Dr. Rittschof’s research is focused on the toxicology and physiological impacts on marine animals of molecules leaching from plastics, the flavors of plastics that cause plastics to be consumed, the impacts of consumption on animals eating plastic and the role of plastics as platforms for delivery of biologically active molecules to animals and for removal of biologically active molecules from animals. The lab’s goal is to inform policy and manufacturing processes.

Dr. Somarelli’s team is trying tackle the plastic waste pandemic in the following ways: 1) developing new enzymes and microbial systems to biodegrade plastic, 2) using bioinformatics to identify enzymes with plastic degrading capability, 3) understanding the influence of plastic ingestion as a carrier of environmental toxins, and 4) engaging students in research aimed at improving societal understanding of humanity's negative impacts on the environment and human health.

Dr. Stapleton’s research focuses primarily on identifying and evaluating human exposure to chemical additives in plastics. For example, plastics are often treated with chemicals to confer properties such as flame retardancy, anti-aging, and flexibility. These chemicals can be added to the plastics at levels up to 30% by weight, and many leach out over the lifetime of the product leading to exposure, for both wildlife (e.g. in the oceans), but also people (e.g. in the home).

The West laboratory has a developing interest in microplastic toxicity with respect to susceptibility and progression of neurodegenerative diseases. We hypothesize that the so-called primary-proteinopathies, in particular, may be precipitated or otherwise affected by microplastic exposures, either in neurodevelopment stages or accumulations in lifetime exposures. We are further interested in how microplastics might infiltrate or accumulate in the central nervous system and gut.
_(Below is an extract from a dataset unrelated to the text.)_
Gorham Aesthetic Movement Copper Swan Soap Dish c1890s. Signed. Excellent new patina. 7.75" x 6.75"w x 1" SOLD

More broadly, our laboratory is focuses on identifying critical pathogenic mechanisms underlying neurological diseases like Parkinson’s disease with the goal of developing new therapeutics to block disease progression.
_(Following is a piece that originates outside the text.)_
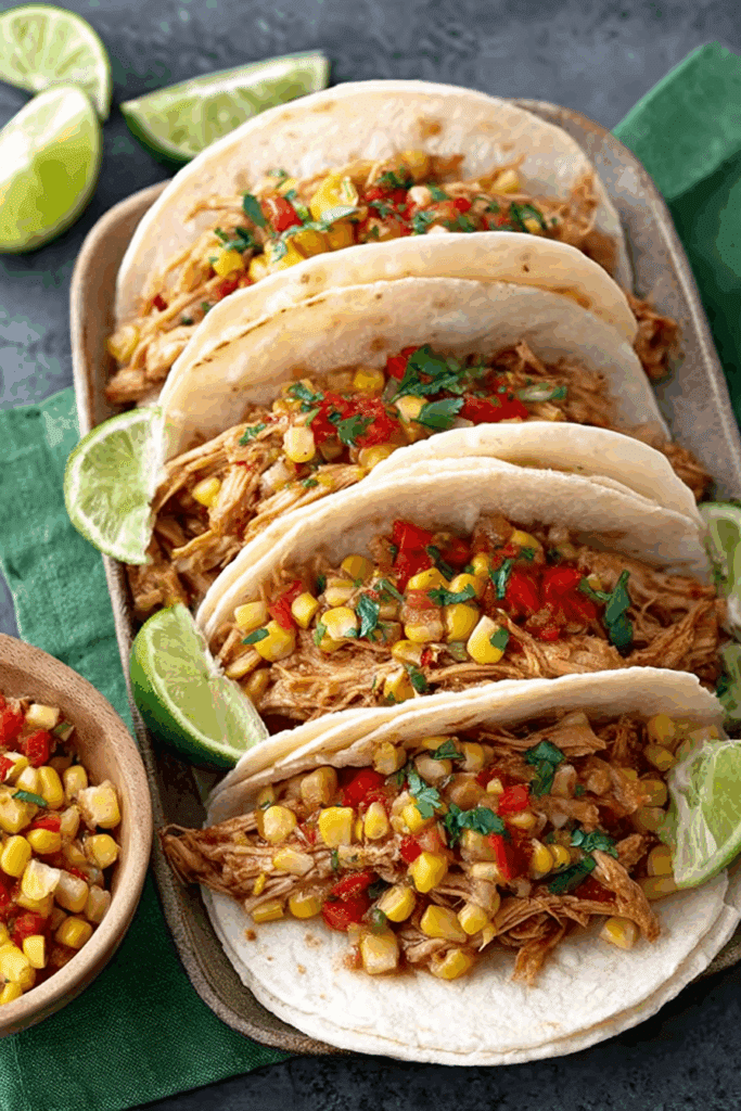 - Why It’s Unique: The homemade bourbon barbecue sauce, made with ketchup, maple syrup, and Worcestershire, gives the chicken a sweet, tangy, and smoky flavor. The fresh corn salsa with lime and red pepper adds crunch and brightness, making these tacos a perfect balance of rich and refreshing.

I study how plastics of differing sizes, shapes, and compositions affect fish. I am particularly interested in morphologic changes resulting from plastic exposure and how these structural alterations affect the function of organs and tissues in order to understand impacts on whole organism health.

Greg's research focuses on the impacts of microscopic plastic pollution on Earth's largest animals, marine mammals. His background in aquatic toxicology and foraging ecology informs his current work understanding where microplastics may end up in a whale's body once ingested and subsequently how this may jeopardize metabolic function. Greg leverages a variety of field and laboratory techniques to identify, quantify, and characterize plastics impacting marine mammals including in-vitro toxicity assays, biopsy sampling, RNA-sequencing, Raman spectroscopy, and microwave assisted extraction pyrolysis-gas chromatography-mass spectrometry.

My current research examines the impacts of plastic leachates on soil microbiomes and their nitrification and mineralization capabilities. Additional interests include exploring forest byproducts as possible alternatives to plastic food packaging as well as understanding the impacts of plastic pollution on aquatic and terrestrial ecosystems and human communities.